In a similar vein, Trinidadian-based artist Rodell Warner’s animated GIF Palm/Spectrum speaks to the stereotypical images of the Caribbean that first colonialism and secondly tourism has moulded, through the motif of the palm tree. Rotating against a backdrop of bright colours and pastel shades, the artist has described how this image at the same time does represent a certain reality of the Caribbean; aspects of fun and coolness. Finally Katherine Kennedy’s light installation Diametric Accord 1 and Diametric Accord 2 flows against the tide of these outside perceptions, charting the artists’ own travels outwith the region for exhibitions and residencies and mapping out these locations through cartography as well as iconic buildings and monuments. The reflection of her design and images via light on to the wall of the warehouse suggests the opacity of the outsider’s understanding of new locations, and the rainbow of perspectives - of places and spaces - we each gain from new travels.
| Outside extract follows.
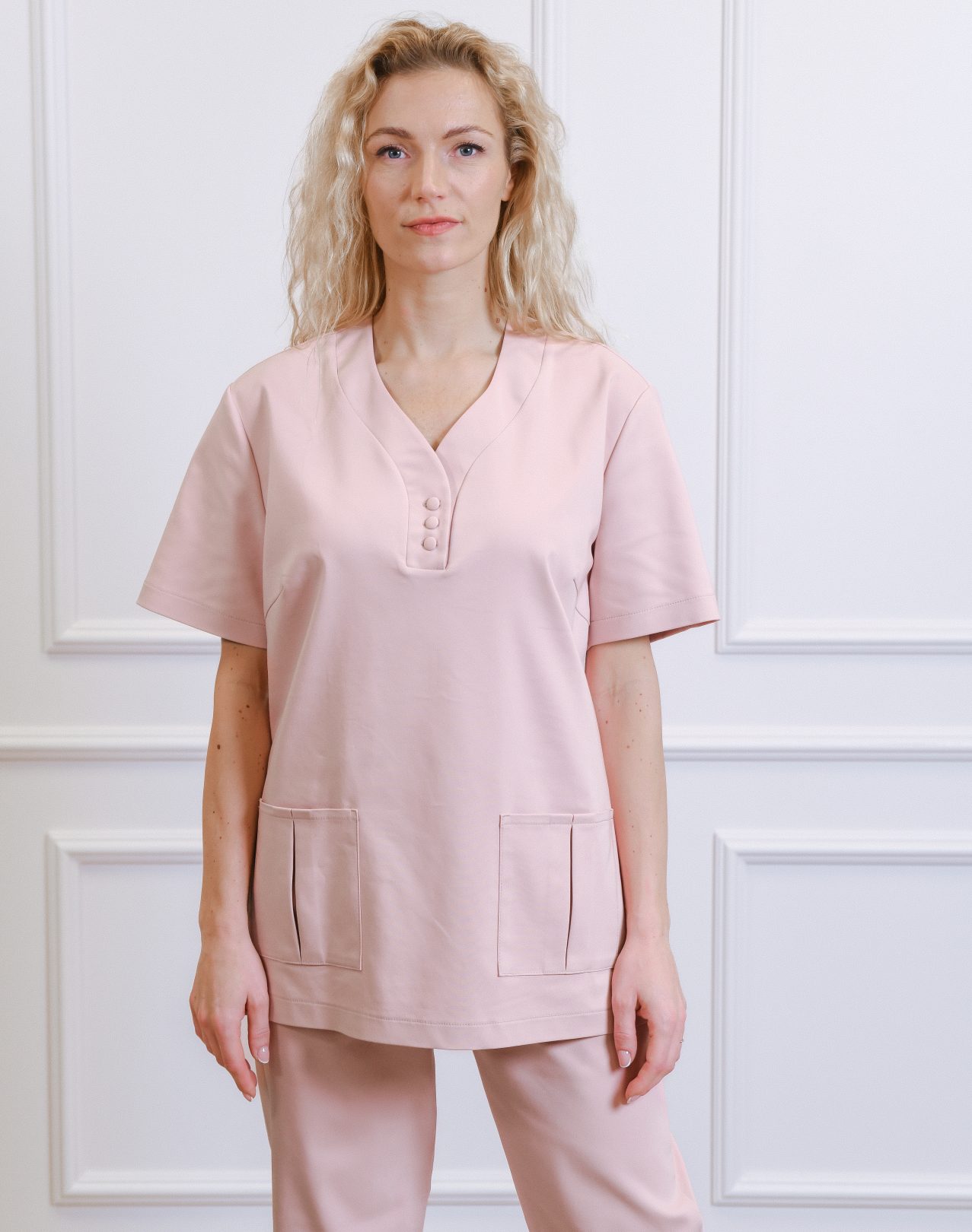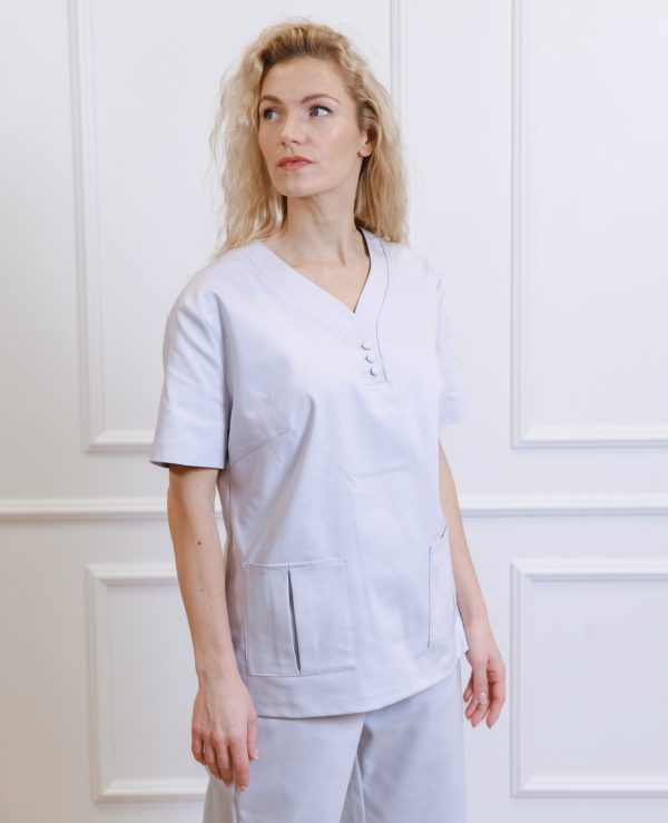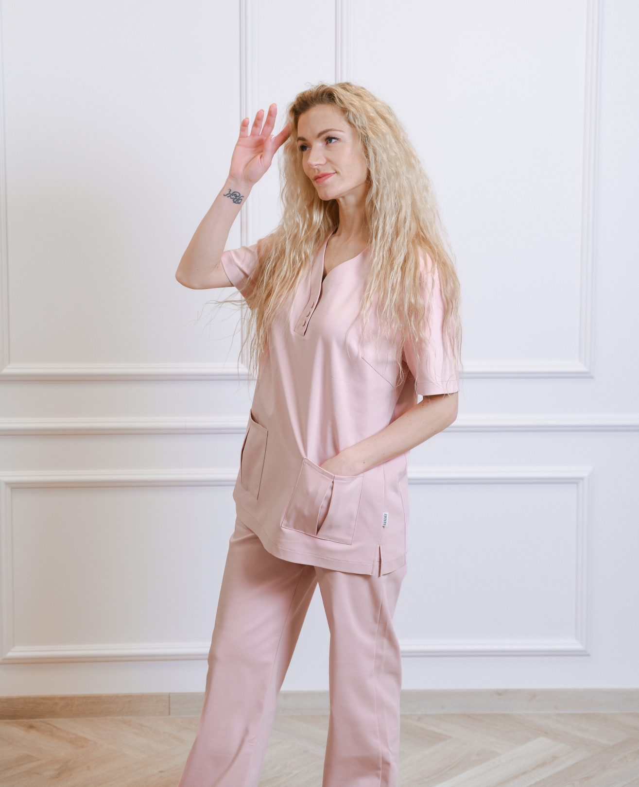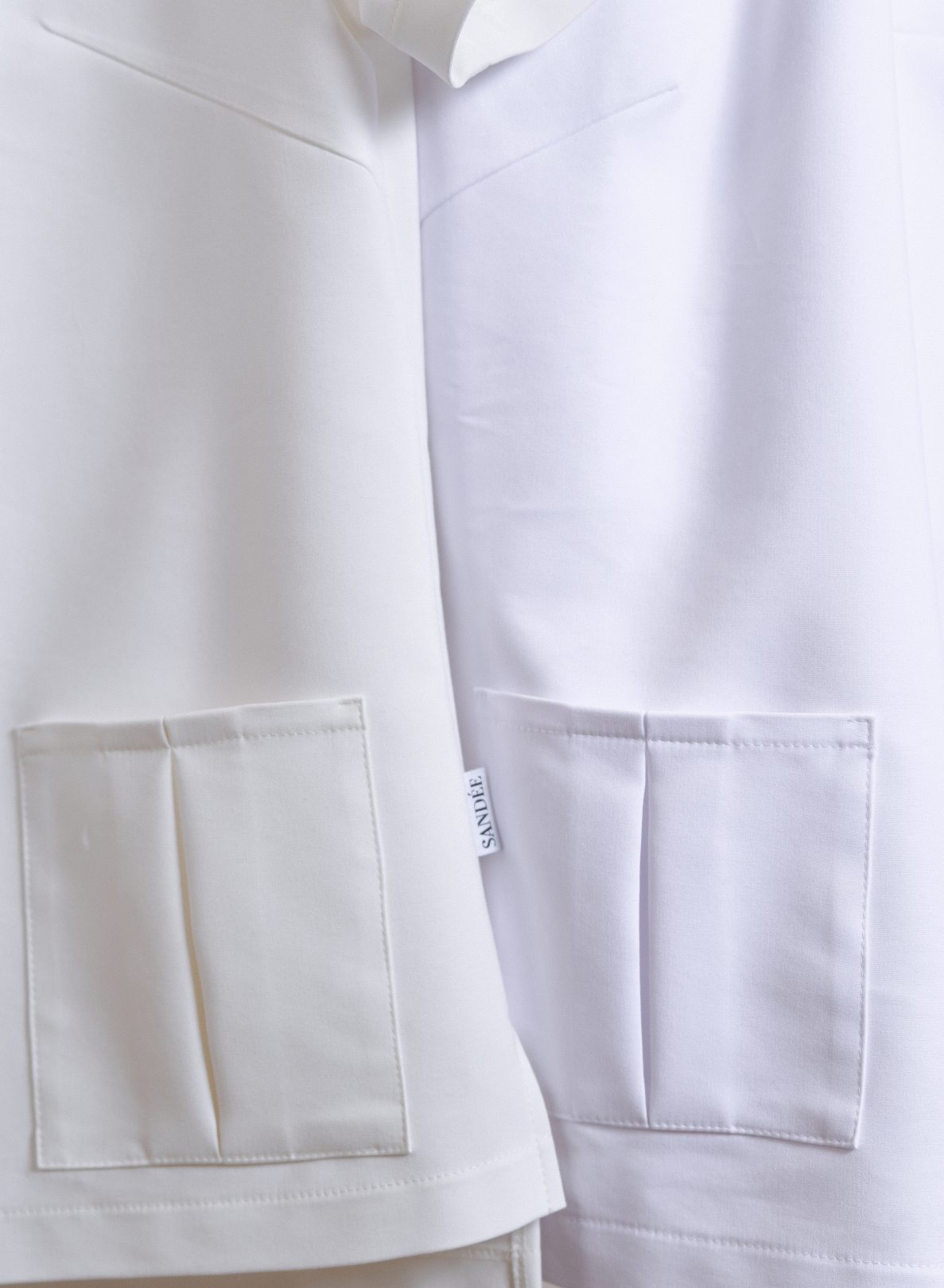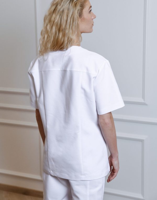 Marškinių trumpomis rankovėmis su kišenėmis bei sagomis ir tiesaus kirpimo kelnėmis su virvele ir kišenėmis komplektas.

Rum Retort is curated by Tiffany Boyle and Natalia Palombo for Mother Tongue and brings together the work of 10 artists based in the Caribbean and Scotland. The project has its roots in a curatorial research residency undertaken by Mother Tongue with Fresh Milk Barbados in early 2015. The exhibition seeks to re-trace and activate the connections between Greenock, Scotland and the Caribbean, but not to be contained solely by these. More than this, the exhibition through its process and journeys seeks to establish new artistic dialogues and future possibilities.